I wouldn't throw rocks at a Daiwa Sealine.


----------



## Muddmunkey94 (Oct 4, 2011)

Which Avet would be the best suited for surfcasting? The SX or MX series?


----------



## AbuMike (Sep 3, 2007)

opinions vary but I like the SX as it is lighter and still holds almost 300yds of #17


----------



## Muddmunkey94 (Oct 4, 2011)

But is the max drag of 9lbs enough? It just seems a little light considering I am planning on running power pro in at least 30#


----------



## CrawFish (Sep 23, 2003)

If 9lb of drag is not enough, you still have 2 thumbs.


----------



## chris storrs (Aug 25, 2005)

i believe that is 9lb at strike..not max..and 9 lbs is plenty regardless


----------



## Muddmunkey94 (Oct 4, 2011)

True and thanks.


----------



## Hooked Up (Feb 6, 2009)

i found the sx to have too much drag.........untill i added the cams ....now its 0 to 14 and smooth as glass


----------



## sleepyhead (Apr 30, 2004)

I might have to pick me up a avet with the mag. I have thrown a few over the years. I liked them, I like the lever drag as well.


----------



## AbuMike (Sep 3, 2007)

Hooked Up said:


> i found the sx to have too much drag.........untill i added the cams ....now its 0 to 14 and smooth as glass


did you do just the cam or the lever also......florida or kodiak?


----------



## Hudak (Sep 10, 2007)

You can not go wrong with the Avet. Everything about the Avet and the way it is built, to me, is superior to anything on the market in the same price range. I would chose an Avet no matter what conventional I am comparing it to for fishing.


----------



## Muddmunkey94 (Oct 4, 2011)

AbuMike said:


> did you do just the cam or the lever also......florida or kodiak?
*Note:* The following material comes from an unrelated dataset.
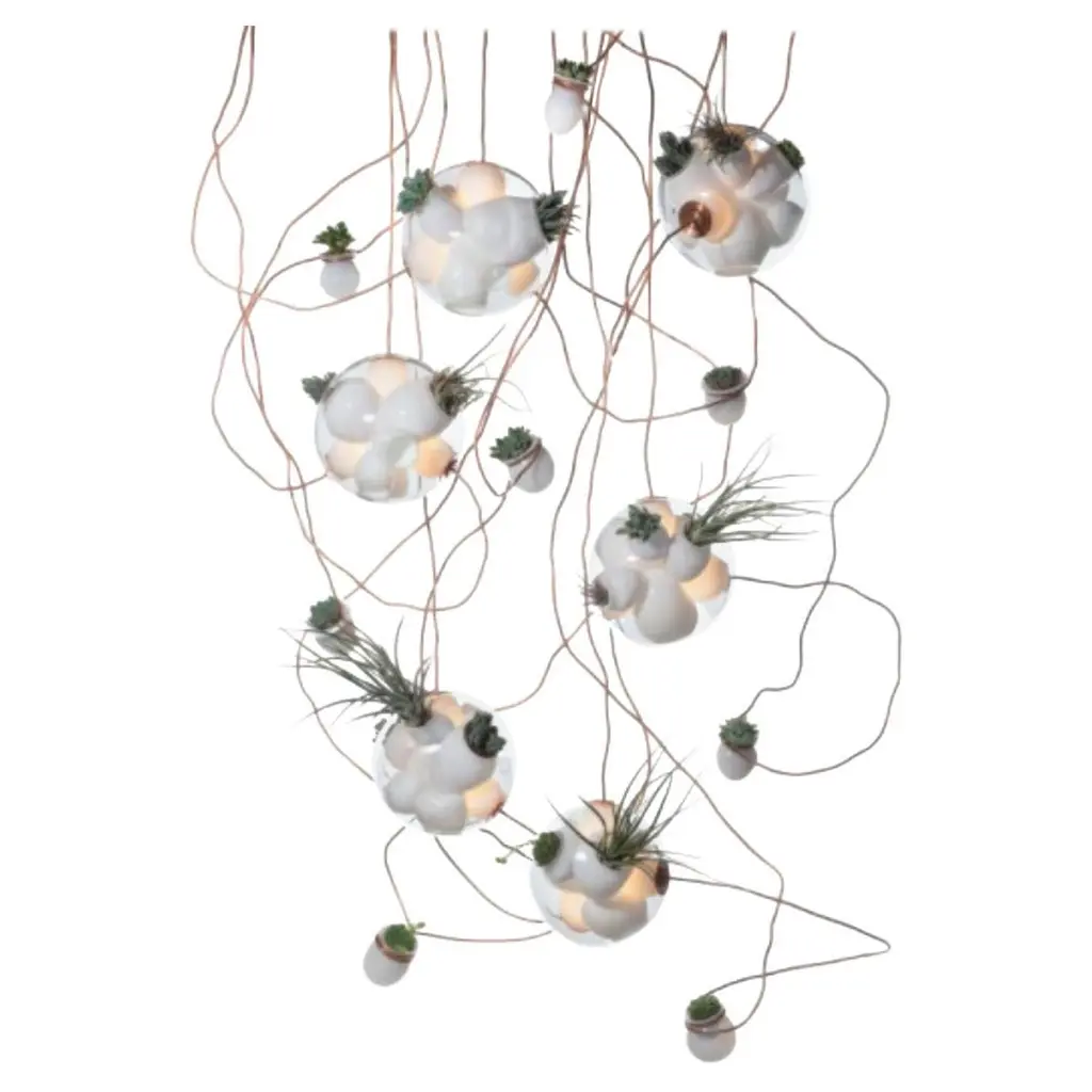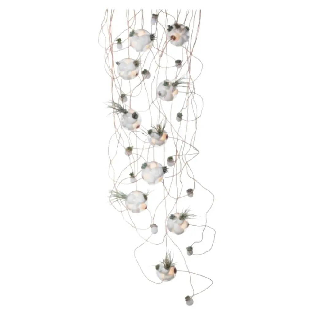 38.11 Pendant by BocciDimensions: D 85 x W 28.4 x H 300 cmMaterials: white powder coated round canopy.Weight: 31 kgAlso Available in different dimensions and models. All our lamps can be wired according to each country. If sold to the USA it will be wired for the USA for instance.38 pushes the fabrication technique originally developed for 28 to its technical and material limits. A large glass sphere is blown with a multitude of haphazard interior cavities, which intersect and collide with each other in unpredictable ways.Bocci is a design and manufacturing company based in Vancouver and Berlin. Founded in 2005 under the creative directorship of Omer Arbel, Bocci is committed to fostering a lateral and open-ended relationship between creative direction and Craft. The company launched with one lighting design, ‘14’, which became an instant Classic and remains a design staple and bestseller. Bocci’s growing portfolio of sculptural lighting is developed, engineered and fabricated in-house, through an infrastructure calibrated to provide full control over technique, quality and scale.In 2015, Bocci transformed a historic Berlin building into a showroom and archive. ‘Bocci 79’ inhabited a 2,200 m² / 23,600 sq ft former courthouse, constructed in 1896, and showcased over a decade of works by Omer Arbel, ranging from pieces in progress, prototypes and ideas, to the complete range of catalogue pieces developed for Bocci.

Ok I'm a little lost with this one. Can you explain what you are talking about please?


----------



## AbuMike (Sep 3, 2007)

you can change the cam on the lever that applies the drag. a couple different options that will eliminate the "Bait" detent position for a smooth 0-14lb drag adjustment.


----------



## Muddmunkey94 (Oct 4, 2011)

Oh ok


----------



## plotalot (Apr 27, 2009)

AbuMike said:


> did you do just the cam or the lever also......florida or kodiak?


Mike, these are the same cam. Avet uses different names depending on what size reel it is intended for. As far as the lever goes, it is no different than a normal lever. They just offer the cam and lever together for folks that want to be able to switch back and forth between a stock cam to the Kodiak/South Florida cam.


----------



## AbuMike (Sep 3, 2007)

well there ya go....


----------



## Hooked Up (Feb 6, 2009)

just the cam.............15 dollar up grade and i promise you will be surprised at how much nicer the reel is........u can actually grip the reel n slide the lever fwd enough to keep the spool from over running without changing or using two hands


----------



## RWalleySA (May 2, 2010)

i have avet mxl mc i love it. it is a fishing reel that can take a beating for sure and cast just as good as the rest of them in the surf. I think they are also made in the USA.


----------



## Ichabod (Sep 5, 2010)

Cannot speak for the Akios but I do have an Avet MXL MC and it is one fine piece of American made machinery. Casts like a dream. This reel will not disappoint!!


----------



## Muddmunkey94 (Oct 4, 2011)

Ichabod said:


> Cannot speak for the Akios but I do have an Avet MXL MC and it is one fine piece of American made machinery. Casts like a dream. This reel will not disappoint!!


What type of line is on it? Plan on using a braid and wondering how it does with that.


----------



## RWalleySA (May 2, 2010)

it would cost about $100 worth of braid to fill it! just go mono


----------



## ematsuda (Feb 9, 2009)

I use 50# braid on my SX... 300 yds. fits perfect. Even if I wanted to use 30#... just back it with mono and problem solved. As one poster mentioned, it's a gem in it's price range. I have a lot of reels but it doesn't get better until my Saltiga LD and that's upward of $400 new. I own 4 Avets, 2 SX's and 2 MXL's - if they would make a model between those that's in the same price range, I'd own it and do away with my Saltist 30's (which I have 4 of).


----------



## Ichabod (Sep 5, 2010)

MuddMunkey, I use braid. Specifically, it is PowerPro 80# which is the approximate diameter of 20# mono. 300yds of braid topped off with a 50#, 80#, or 100# shock leader. The joining knot is a Sebile knot.


----------



## Rockfish1 (Apr 8, 2005)

ematsuda said:


> I own 4 Avets, 2 SX's and 2 MXL's - if they would make a model between those that's in the same price range, I'd own it and do away with my Saltist 30's .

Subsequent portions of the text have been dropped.